Start of GIVEN INFORMATION

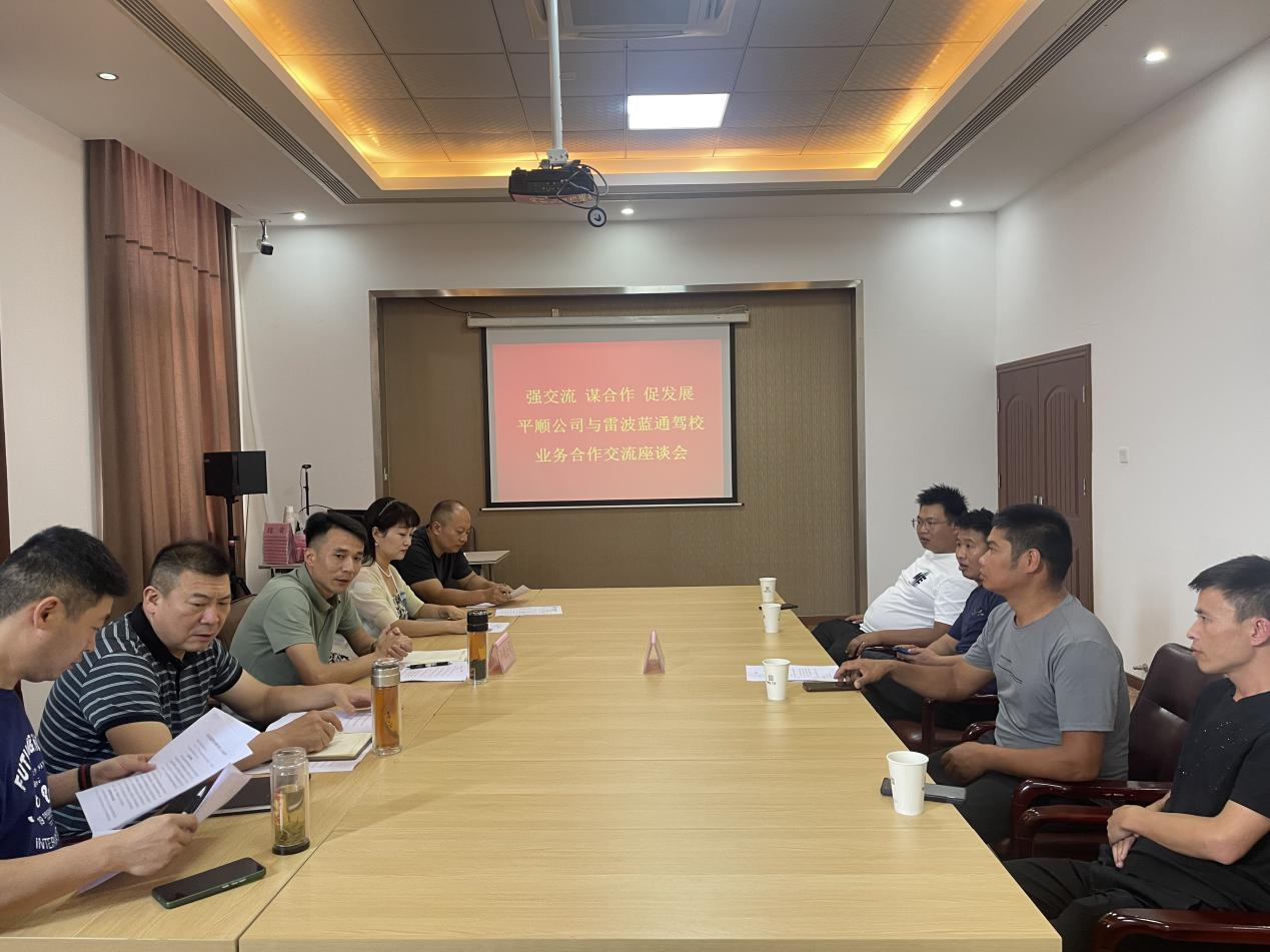 7月31日,雷波縣藍(lán)通機(jī)動(dòng)車(chē)駕駛培訓(xùn)有限責(zé)任公司總經(jīng)理陳能勇一行4人赴平順公司開(kāi)展實(shí)地調(diào)研,并與平順公司進(jìn)行業(yè)務(wù)合作座談?疾旖M對(duì)公司科二、科三考場(chǎng)進(jìn)行實(shí)地考察,對(duì)考試車(chē)輛進(jìn)行實(shí)車(chē)體驗(yàn),對(duì)服務(wù)品質(zhì)進(jìn)行現(xiàn)場(chǎng)了解,對(duì)業(yè)務(wù)合作事宜進(jìn)行深入交流溝通,并達(dá)成合作共識(shí)。
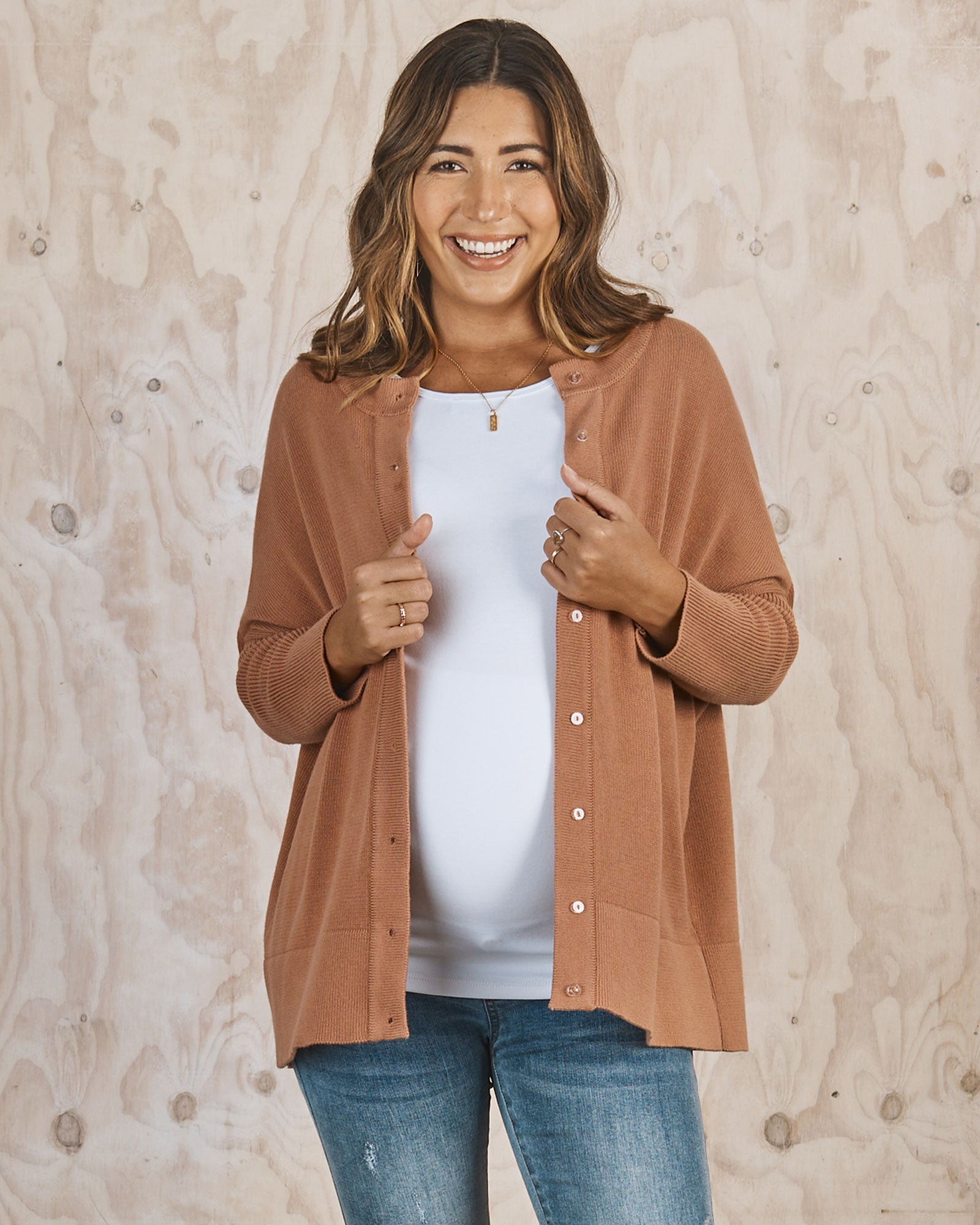 Round neckopen button up cardiganReversible back to frontDesigned to fit through all stages of pregnancy
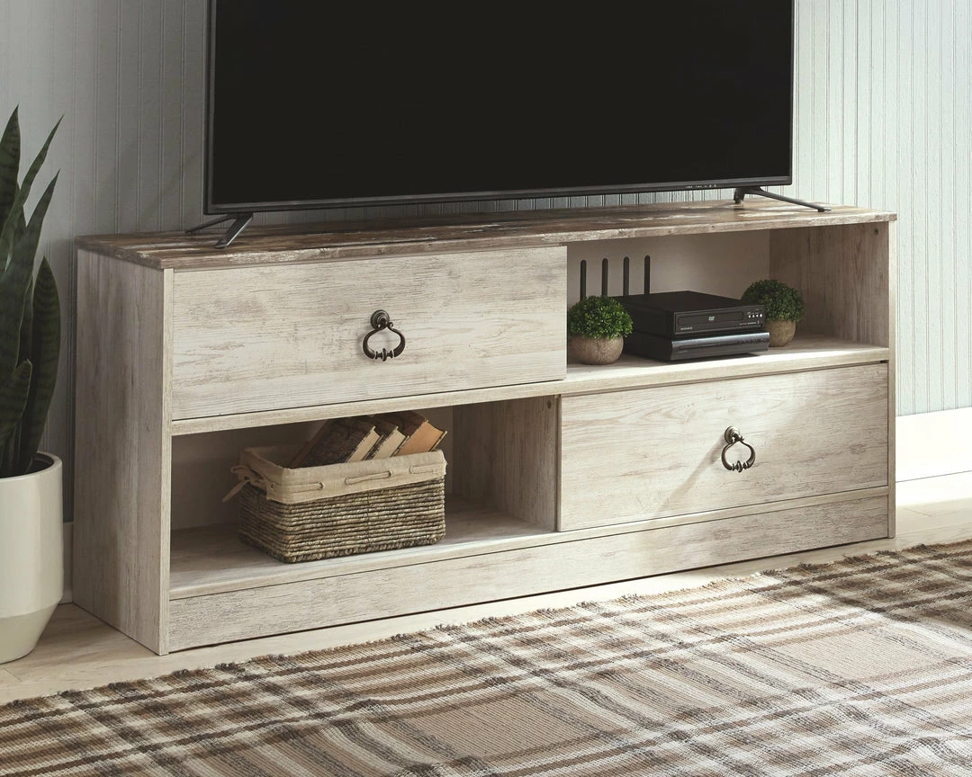 This TV stand is the ultimate statement piece for your coastal cottage or shabby chic inspired retreat. Whitewash finish is wonderfully easy on the eyes. Paired with the TV standโs unique plank-style top, itโs a driftwoody look that has our minds drifting away to beachy-keen escapes.

End of GIVEN INFORMATION

#### TASK DIRECTIONS
The answer is every line of the data, exactly as written, with the pictures dropped.

#### RESPONSE AREA
 7月31日,雷波縣藍(lán)通機(jī)動(dòng)車(chē)駕駛培訓(xùn)有限責(zé)任公司總經(jīng)理陳能勇一行4人赴平順公司開(kāi)展實(shí)地調(diào)研,并與平順公司進(jìn)行業(yè)務(wù)合作座談?疾旖M對(duì)公司科二、科三考場(chǎng)進(jìn)行實(shí)地考察,對(duì)考試車(chē)輛進(jìn)行實(shí)車(chē)體驗(yàn),對(duì)服務(wù)品質(zhì)進(jìn)行現(xiàn)場(chǎng)了解,對(duì)業(yè)務(wù)合作事宜進(jìn)行深入交流溝通,并達(dá)成合作共識(shí)。
 Round neckopen button up cardiganReversible back to frontDesigned to fit through all stages of pregnancy
 This TV stand is the ultimate statement piece for your coastal cottage or shabby chic inspired retreat. Whitewash finish is wonderfully easy on the eyes. Paired with the TV standโs unique plank-style top, itโs a driftwoody look that has our minds drifting away to beachy-keen escapes.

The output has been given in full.